Just confused! Why we split abs definite integrand/integration at zero although it is continuos there? Please anyone help me.

Answer 1

Suppose you want to compute the integral


`\displaystyle\int_a^b|x|\,\mathrm dx`

where
`a<0` and
`b>0`. Recall the definition of the absolute value function:


`|x|=\begin{cases}x&\text{for }x\ge0\\-x&\text{for }x<0\end{cases}`

What this means is that the function has a different meaning depending on the domain from which
`x` is picked (the two domains being non-negative and negative real numbers). For non-negative numbers
`x`, you have
`|x|=x` exactly, while if
`x` is negative, you have
`|x|=-x` exactly.

Choosing between
`|x|=x` and
`|x|=-x` is then determined by the "turning point"
`x=0`. Because the function behaves differently at values to either side of this point, you essentially have two different integrands to consider.

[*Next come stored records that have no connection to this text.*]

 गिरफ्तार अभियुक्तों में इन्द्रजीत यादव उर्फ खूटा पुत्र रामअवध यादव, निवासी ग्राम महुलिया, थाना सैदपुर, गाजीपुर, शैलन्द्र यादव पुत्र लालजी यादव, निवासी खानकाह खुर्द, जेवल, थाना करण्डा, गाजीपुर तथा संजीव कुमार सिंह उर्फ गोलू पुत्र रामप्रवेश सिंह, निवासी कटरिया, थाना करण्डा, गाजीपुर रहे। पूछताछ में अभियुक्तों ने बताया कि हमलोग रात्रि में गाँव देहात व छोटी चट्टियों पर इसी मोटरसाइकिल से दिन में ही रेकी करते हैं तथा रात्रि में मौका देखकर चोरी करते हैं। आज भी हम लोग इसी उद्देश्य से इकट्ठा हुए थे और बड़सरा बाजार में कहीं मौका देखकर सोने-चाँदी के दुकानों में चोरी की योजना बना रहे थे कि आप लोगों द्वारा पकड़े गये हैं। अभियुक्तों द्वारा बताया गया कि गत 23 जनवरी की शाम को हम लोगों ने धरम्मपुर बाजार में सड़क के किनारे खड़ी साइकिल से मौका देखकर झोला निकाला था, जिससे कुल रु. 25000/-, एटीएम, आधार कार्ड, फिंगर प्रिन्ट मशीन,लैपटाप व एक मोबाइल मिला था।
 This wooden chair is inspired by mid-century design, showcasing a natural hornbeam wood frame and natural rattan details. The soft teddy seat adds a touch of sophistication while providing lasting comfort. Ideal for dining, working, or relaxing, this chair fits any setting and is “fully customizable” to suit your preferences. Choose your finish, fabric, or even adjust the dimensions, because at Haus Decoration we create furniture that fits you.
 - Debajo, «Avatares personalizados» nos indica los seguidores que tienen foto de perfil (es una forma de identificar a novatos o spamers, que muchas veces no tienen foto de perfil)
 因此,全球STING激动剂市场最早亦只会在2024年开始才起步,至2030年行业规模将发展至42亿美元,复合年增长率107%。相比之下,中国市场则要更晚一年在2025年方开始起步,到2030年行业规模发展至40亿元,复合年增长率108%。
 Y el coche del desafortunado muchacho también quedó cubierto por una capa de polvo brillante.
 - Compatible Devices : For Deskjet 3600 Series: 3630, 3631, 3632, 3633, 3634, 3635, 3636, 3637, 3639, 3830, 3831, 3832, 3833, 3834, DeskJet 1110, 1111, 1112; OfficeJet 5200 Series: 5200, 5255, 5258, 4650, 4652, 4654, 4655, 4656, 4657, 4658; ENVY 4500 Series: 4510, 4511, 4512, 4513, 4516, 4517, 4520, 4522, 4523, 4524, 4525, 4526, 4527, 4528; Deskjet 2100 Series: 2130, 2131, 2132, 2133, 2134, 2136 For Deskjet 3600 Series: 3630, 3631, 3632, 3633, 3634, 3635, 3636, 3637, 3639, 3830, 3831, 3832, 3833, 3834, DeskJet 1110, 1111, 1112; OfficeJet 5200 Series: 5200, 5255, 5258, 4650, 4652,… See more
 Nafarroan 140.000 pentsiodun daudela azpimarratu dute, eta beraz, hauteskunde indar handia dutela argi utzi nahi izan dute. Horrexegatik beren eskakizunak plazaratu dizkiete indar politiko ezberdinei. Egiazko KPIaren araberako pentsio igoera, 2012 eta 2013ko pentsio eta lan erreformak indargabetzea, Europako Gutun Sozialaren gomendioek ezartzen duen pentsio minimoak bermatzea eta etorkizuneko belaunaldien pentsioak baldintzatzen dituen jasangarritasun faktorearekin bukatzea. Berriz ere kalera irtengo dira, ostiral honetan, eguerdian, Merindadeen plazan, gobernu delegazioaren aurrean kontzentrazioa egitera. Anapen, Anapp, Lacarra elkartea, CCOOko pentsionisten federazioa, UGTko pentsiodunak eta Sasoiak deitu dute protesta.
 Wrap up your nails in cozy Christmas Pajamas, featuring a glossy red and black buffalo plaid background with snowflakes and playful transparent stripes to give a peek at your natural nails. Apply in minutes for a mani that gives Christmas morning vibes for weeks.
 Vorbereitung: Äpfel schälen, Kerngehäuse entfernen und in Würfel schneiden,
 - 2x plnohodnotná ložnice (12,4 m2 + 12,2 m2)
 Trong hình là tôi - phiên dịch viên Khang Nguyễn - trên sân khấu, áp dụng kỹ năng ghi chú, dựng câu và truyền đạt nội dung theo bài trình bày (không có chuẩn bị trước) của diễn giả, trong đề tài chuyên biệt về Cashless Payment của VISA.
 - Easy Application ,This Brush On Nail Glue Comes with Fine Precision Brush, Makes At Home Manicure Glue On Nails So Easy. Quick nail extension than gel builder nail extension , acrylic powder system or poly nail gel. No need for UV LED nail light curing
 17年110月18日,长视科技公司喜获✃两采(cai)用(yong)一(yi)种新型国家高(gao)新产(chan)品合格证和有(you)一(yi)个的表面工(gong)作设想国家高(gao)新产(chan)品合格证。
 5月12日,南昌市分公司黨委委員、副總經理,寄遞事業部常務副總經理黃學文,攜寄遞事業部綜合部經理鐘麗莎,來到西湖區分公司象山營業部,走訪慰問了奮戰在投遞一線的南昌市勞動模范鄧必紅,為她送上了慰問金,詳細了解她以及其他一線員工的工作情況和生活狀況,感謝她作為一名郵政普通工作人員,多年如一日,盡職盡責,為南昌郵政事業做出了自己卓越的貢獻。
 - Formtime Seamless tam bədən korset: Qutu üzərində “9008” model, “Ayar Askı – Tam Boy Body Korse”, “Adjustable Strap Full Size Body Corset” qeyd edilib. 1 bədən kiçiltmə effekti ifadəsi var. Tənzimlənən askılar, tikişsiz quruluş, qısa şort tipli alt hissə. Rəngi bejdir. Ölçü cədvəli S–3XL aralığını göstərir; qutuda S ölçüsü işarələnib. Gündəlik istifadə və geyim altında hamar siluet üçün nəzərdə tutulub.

So, to compute the integral above, you would split the interval of integration at
`x=0` and use the appropriate definition for
`|x|`.


`\displaystyle\int_a^b|x|\,\mathrm dx=\int_a^0(-x)\,\mathrm dx+\int_0^bx\,\mathrm dx`

which comes from the linearity property of definite integrals, and the fact that the interval
`[a,0)` contains only negative numbers, while
`(0,b]` contains only positive numbers.

Then, carry on with the integration:


`\displaystyle\int_a^0(-x)\,\mathrm dx+\int_0^bx\,\mathrm dx=-\frac12x^2\bigg|_(x=a)^(x=0)+\frac12x^2\bigg|_(x=0)^(x=b)=-\frac12(0^2-a^2)+\frac12(b^2-0^2)=\frac{b^2+a^2}2`

Edit: The key here is that
`|x|` is a piecewise function, i.e. a function that basically takes on the role of potentially completely different functions. In the case of
`|x|`, there are two possible equivalences,
`x` and
`-x`.

Splitting up the domain of integration is a requirement for computing integrals of piecewise functions. Take for another example the function


`f(x)=\begin{cases}x&\text{for }0\le x\le 1\\x^2-1&\text{for }1< x\le2\\x^3-8&\text{for }2< x\le3\\0&\text{otherwise}\end{cases}`

and let's say we want to compute the integral


`I=\displaystyle\int_(-\infty)^\infty f(x)\,\mathrm dx`

How is this done? Well, you have to split up the domain of integration because
`f(x)` doesn't have the same meaning everywhere in its domain:


`I=\left\{\displaystyle\int_(-\infty)^0+\int_0^1+\int_1^2+\int_2^3+\int_3^\infty\right\}f(x)\,\mathrm dx`

`I=\displaystyle\left\{\int_(-\infty)^0+\int_3^\infty\right\}0\,\mathrm dx+\int_0^1x\,\mathrm dx+\int_1^2(x^2-1)\,\mathrm dx+\int_2^3(x^3-8)\,\mathrm dx`

`I=\displaystyle0+\frac12x^2\bigg|_(x=0)^(x=1)+\left(\frac13x^3-x\right)\bigg|_(x=1)^(x=2)+\left(\frac14x^3-8x\right)\bigg|_(x=2)^(x=3)`

`I=(121)/(12)`